Sapphire RX 7900 XTX Nitro+ Vapor-X Review: More Is More

Better cooling, lots of RGB lighting, and no faulty vapor chambers.

Sapphire RX 7900 XTX Nitro+ Vapor-X
(Image: © Tom's Hardware)

Why you can trust Tom's Hardware Our expert reviewers spend hours testing and comparing products and services so you can choose the best for you. Find out more about how we test.

Overall performance at 1440p improves by 52% compared to 4K gaming, and quite a few games are exceeding 144 fps — great if you have one of the best gaming monitors.

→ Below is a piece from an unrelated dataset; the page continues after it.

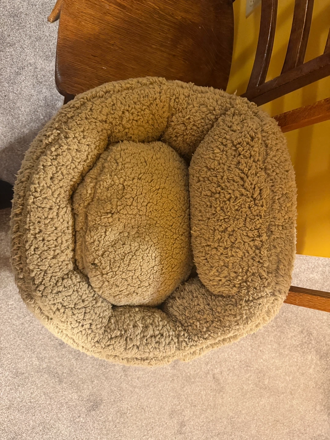 Selling a comfy beige pet bed! It's in great shape and ready for a new furry friend to enjoy. It's super soft and perfect for your cat or small dog to curl up in for a nap. A great addition to any room!

But while those gains are nice to see, Sapphire's relative performance lead over the reference XTX shrinks to just 1%. You definitely won't notice the performance difference while gaming.

The lead over the RTX 4080 in rasterization games also shrinks to just 4% overall, with Horizon Zero Dawn and Total War: Warhammer 3 still favoring Nvidia's GPU. In contrast, Borderlands 3, Far Cry 6, and Watch Dogs Legion continue to favor AMD by larger margins. CPU limitations are starting to come into play as well, so things like Nvidia's DLSS 3 are potentially more useful (though not the same as true rendered frames).

Ray tracing at 1440p doesn't show any real benefit to the Sapphire card over the reference 7900 XTX. Overall performance is down by 0.7% — tied, in other words — with Metro Exodus Enhanced registering a 6% drop while Bright Memory Infinite showed a 3% improvement.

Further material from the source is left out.